**WHAT THE TASK REQUIRES:** Each line in the material below, starting at the one with "Начались работы по" and ending at the one with "As soon as we", is to be reproduced exactly; no picture is to be copied.

**WORKING DATA:**

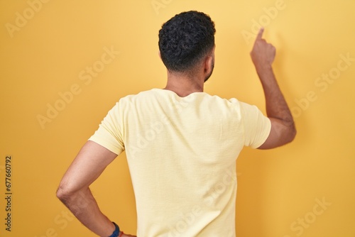 Hispanic man with beard standing over yellow background posing backwards pointing ahead with finger hand
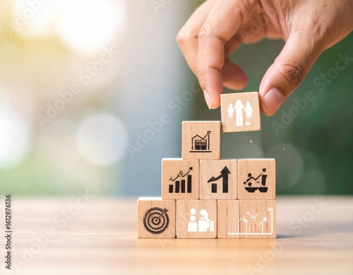 Building Success Hand Placing Teamwork Block Atop Growth Pyramid.
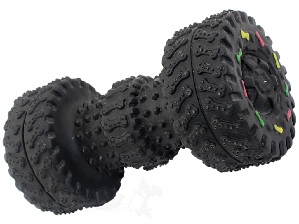 Pískací činka s pneumatikami 15cm má dostatečnou pružnost a texturovaný povrch s vroubky, které pomáhají čistit zuby.
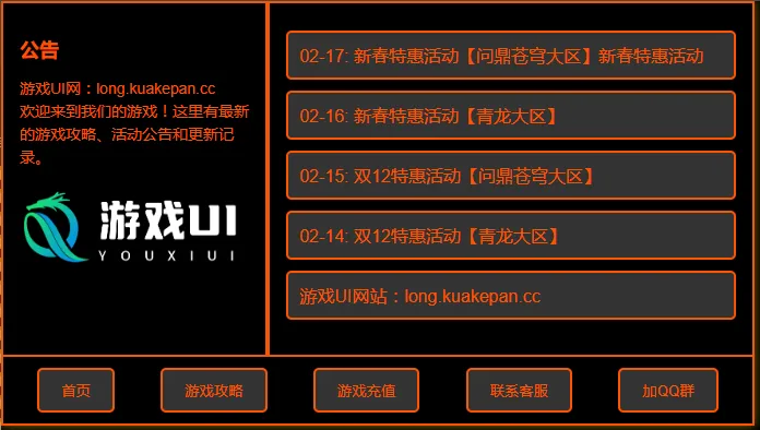 【龙ol】【启动器网页】[序号4]暗红色-logo-按钮底部-更新记录
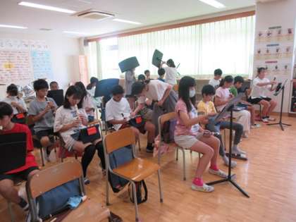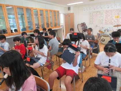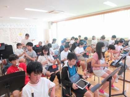 リコーダーを吹き、タブレットで録音、出来栄えを確認しています。
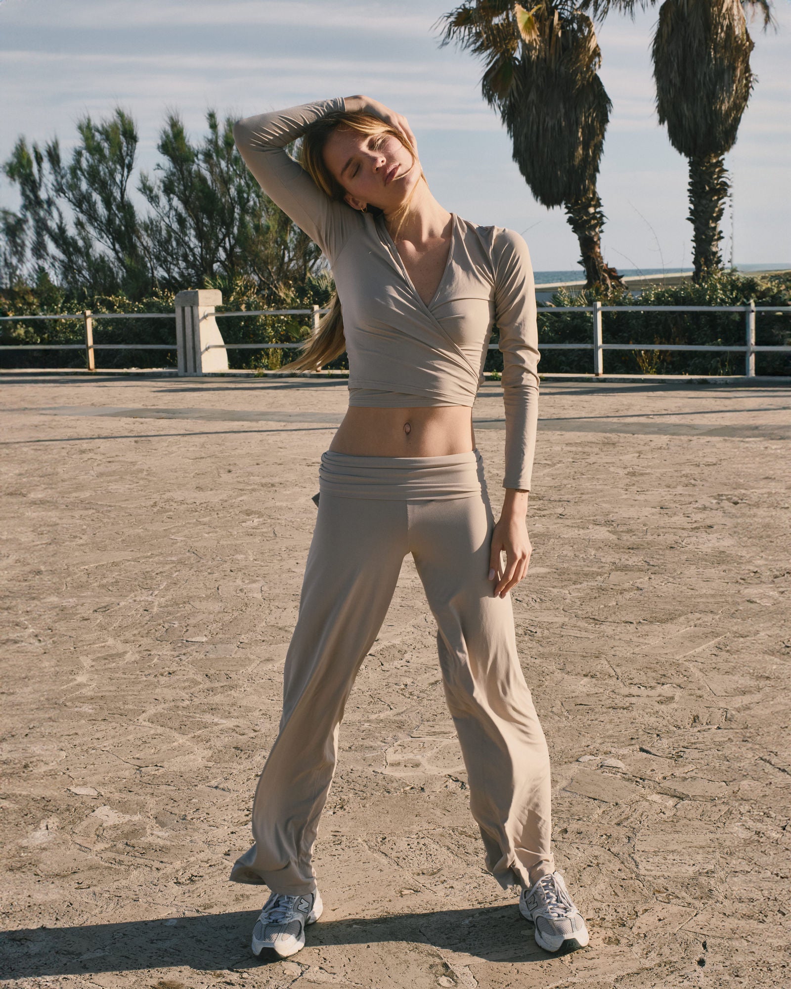 Ispirato al gesto fluido del respiro, Aria è un wrap top leggero come l’aria e morbido come un abbraccio. Sartoriale e minimalista, avvolge le spalle con naturalezza e accompagna ogni movimento con grazia, senza costringere. La lycra italiana e sostenibile dona al capo un’eleganza essenziale, perfetta per ogni momento della giornata.
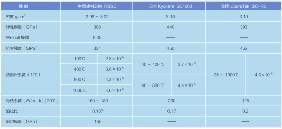 表:中国建筑材料科学研究总院研制的碳化硅产品性能与外企产品性能对比
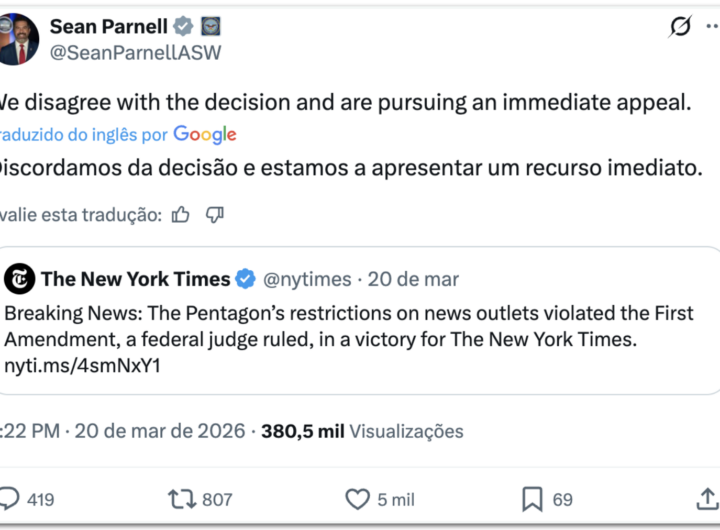 Justiça dos EUA derruba política do Pentágono sobre jornalistas 2 min read Geral Justiça dos EUA derruba política do Pentágono sobre jornalistas RealRadioTvBrasil março 22, 2026
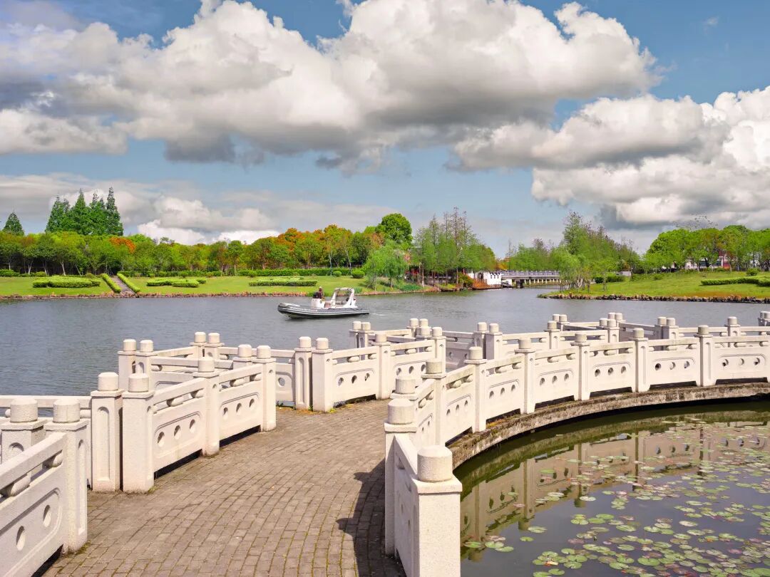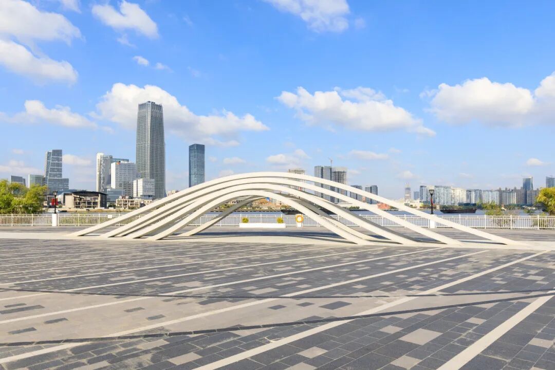 亲水平台位于上海浦东新区张家浜东方路桥东侧两岸,实质是两座浮桥,可适应上海地区季节性水位变化。作为陆家嘴水环贯通工程的重要组成部分,其设计融合了生态、科技与景观功能,是城市滨水空间更新的创新实践。该浮桥不仅是通行设施,更是上海推进“生态之城”建设的缩影,体现了城市公共空间如何兼顾韧性、美感与科普价值。
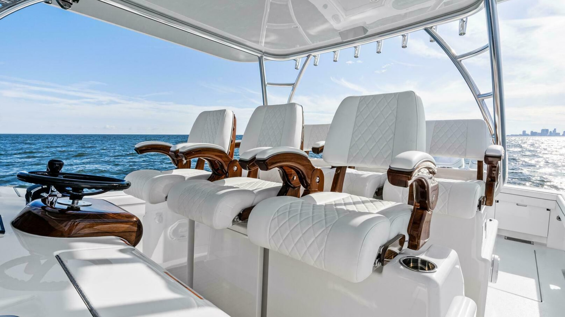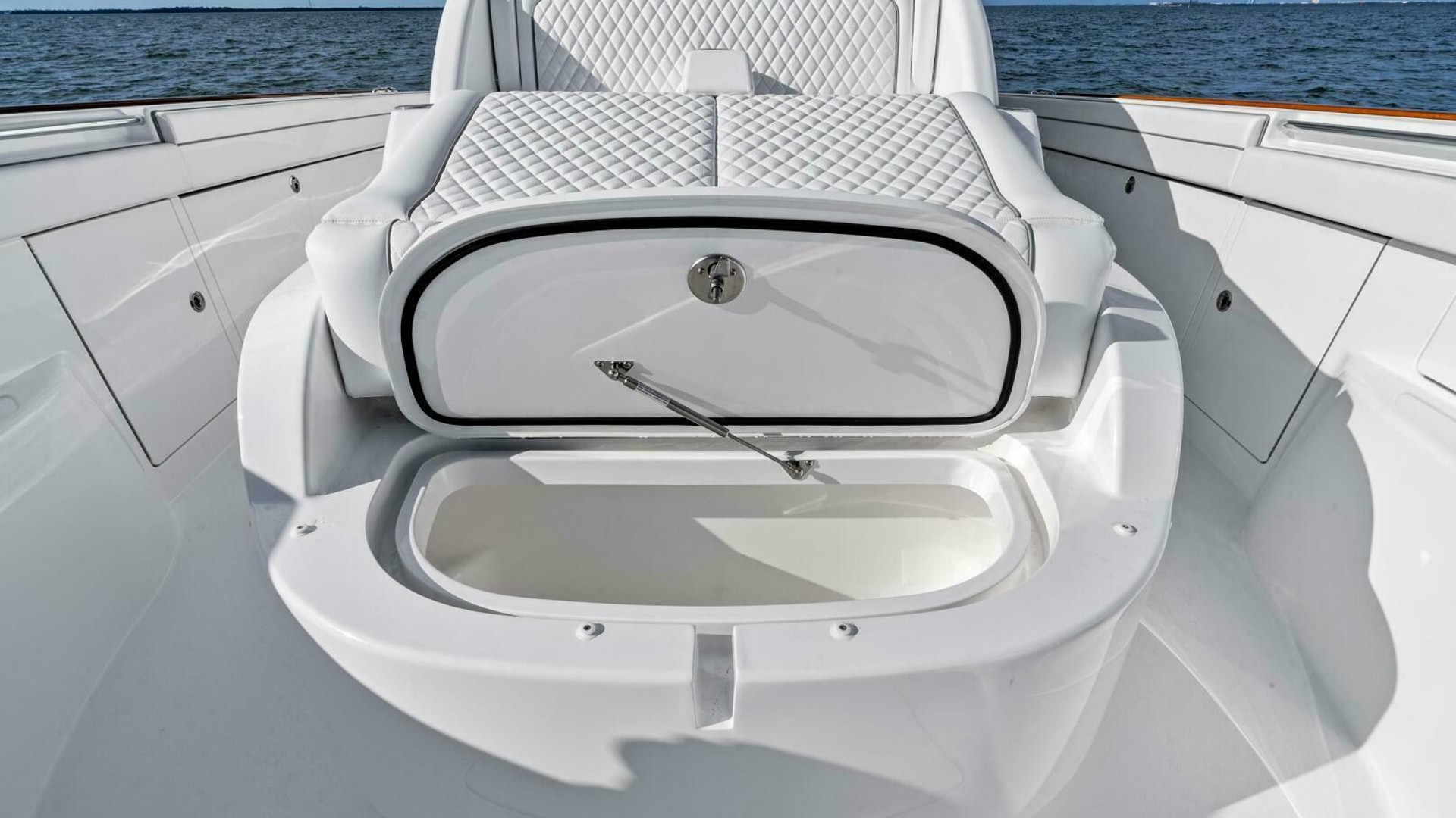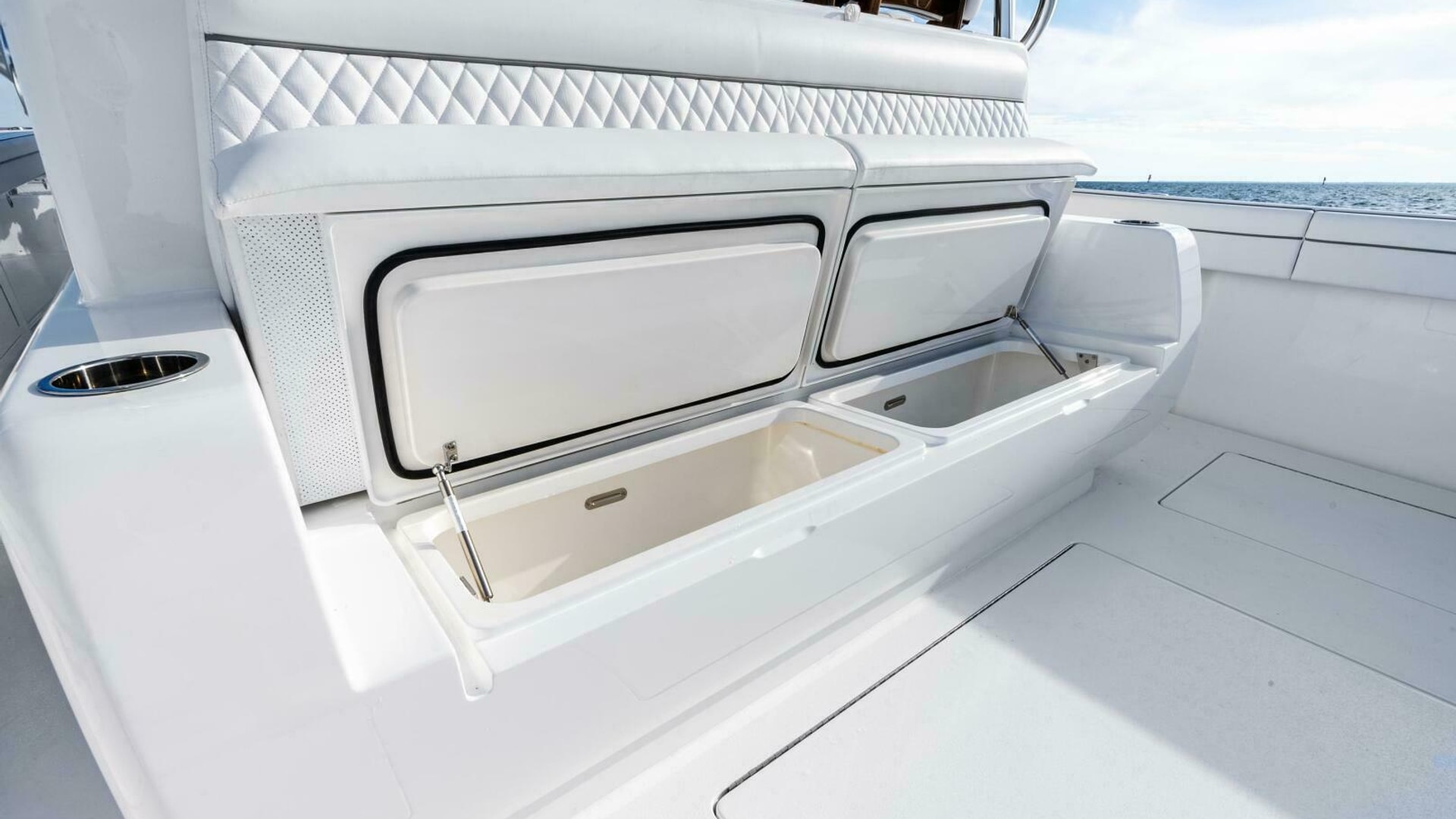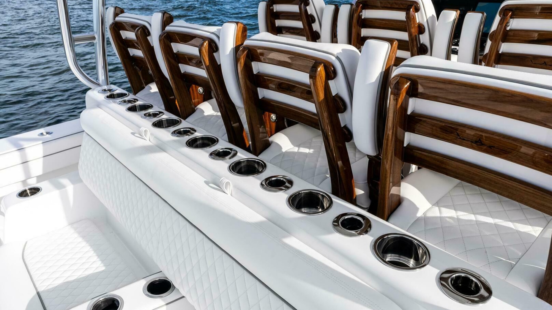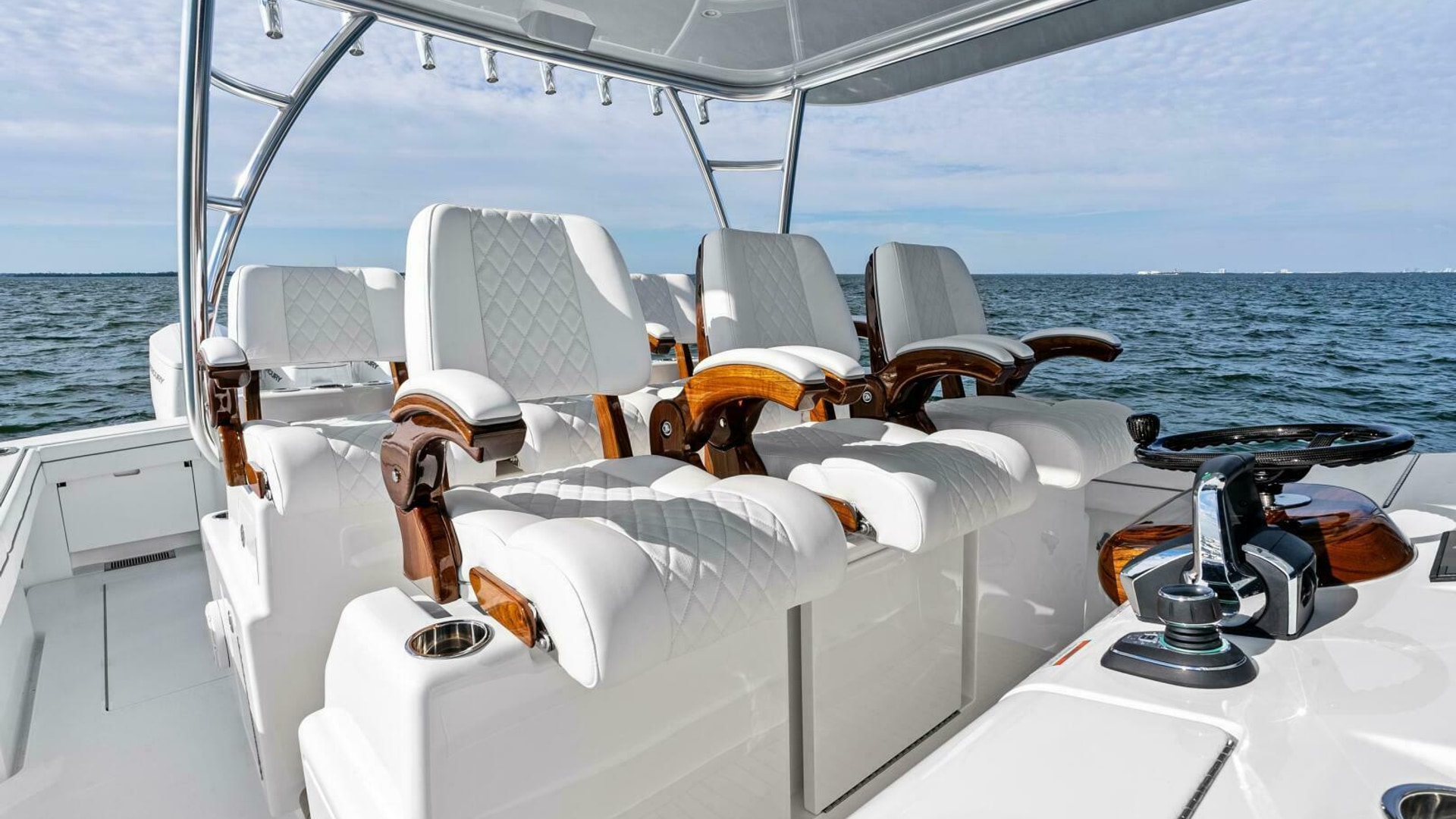 • Durable white outdoor upholstery for console lounge, bench seating, coaming bolsters and cockpit cooler seating
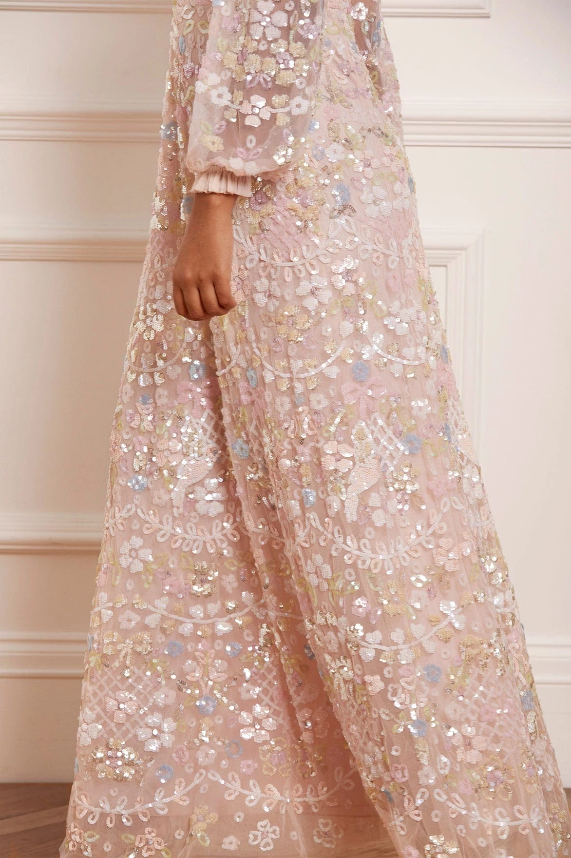 The Shimmer Fairytale V-Neck Gown in Petal Pink / Sundaze. Intricately adorned with a multi-coloured floral and bird artwork with shimmering sequins to create a romantic look. Beautifully designed with long sleeves, a V-neckline and Needle & Thread signature detailing. This gown is developed with a tulle net skirt to create a flattering silhouette. The ultimate fairytale piece.
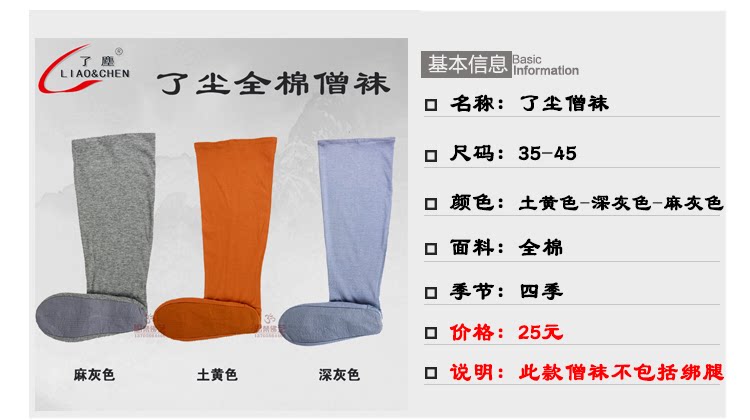 Dust Pure Cotton Monk Носки и носки серо -желтые жилые монахи, монахи, обувь 袈 了 了 了 了 了 了 了 了 了 了
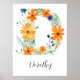 Impression de la lettre initiale florale de fleur sauvage D Art mural de nom de nurserie de fleurs sauvages, lettre florale personnalisée colorée D, chambre de fille personnalisée avec monogramme
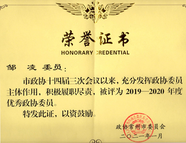 近日,我校微电子与控制工程学院教师邹凌被政协常州市委员会评为“2019—2020年度常州市优秀政协委员”。
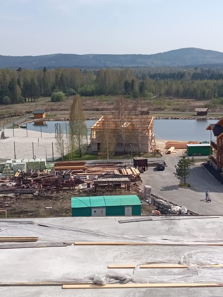 Начались работы по благоустройству прилегающей территории. Напротив здания, на пляже, полным ходом идет строительство нового кафе. Уже готов силовой каркас помещения. Идет утепление наружных стен, ведется подготовка к кровельным работам. В ближайшее время планируется начать электромонтажные и сантехнические работы.
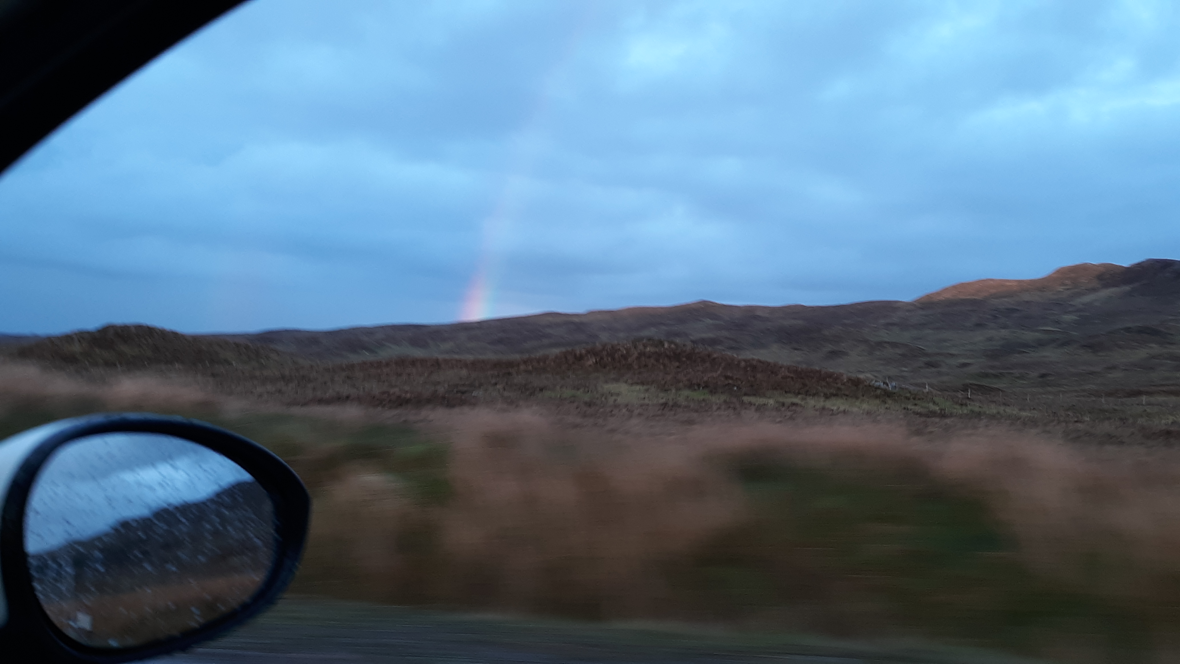 As soon as we were out of the car and began to pick our way through the boggy bits, Ben recognizes (edit:what he thought at the time was) Dumbledore’s filming location. (Post research note: it was still a magical place even if the cast and crew were actually on Loch Eilt). Not long after we spotted a small family group of deer. We ended up getting gas from the place I have seen in every YouTube video bout making your way to the highlands, The Green Welly Stop. From there, we drove through the moorlands. We were greeted with a “Welcome to the Highlands” sign and a double rainbow.
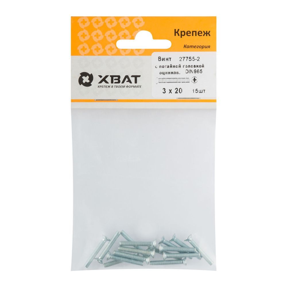 Винт с потайной головкой с полной резьбой оцинкованный DIN 965 3х20 15 шт.(фасовка)
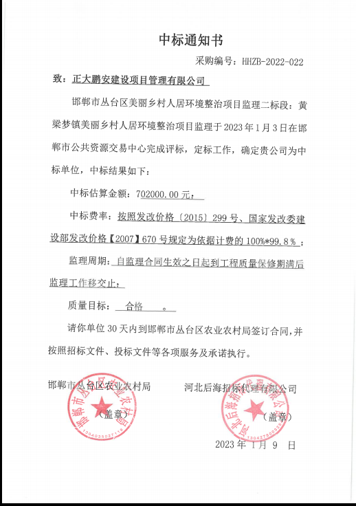 2023年1月9日,經(jīng)評(píng)標(biāo)委員會(huì)評(píng)定,招標(biāo)人確認(rèn),正大鵬安建設(shè)項(xiàng)目管理有限公司中標(biāo)“邯鄲市叢臺(tái)區(qū)美麗鄉(xiāng)村人民環(huán)境整治項(xiàng)目監(jiān)理二標(biāo)段”。

**RESULT BELOW:**
 Начались работы по благоустройству прилегающей территории. Напротив здания, на пляже, полным ходом идет строительство нового кафе. Уже готов силовой каркас помещения. Идет утепление наружных стен, ведется подготовка к кровельным работам. В ближайшее время планируется начать электромонтажные и сантехнические работы.
 As soon as we were out of the car and began to pick our way through the boggy bits, Ben recognizes (edit:what he thought at the time was) Dumbledore’s filming location. (Post research note: it was still a magical place even if the cast and crew were actually on Loch Eilt). Not long after we spotted a small family group of deer. We ended up getting gas from the place I have seen in every YouTube video bout making your way to the highlands, The Green Welly Stop. From there, we drove through the moorlands. We were greeted with a “Welcome to the Highlands” sign and a double rainbow.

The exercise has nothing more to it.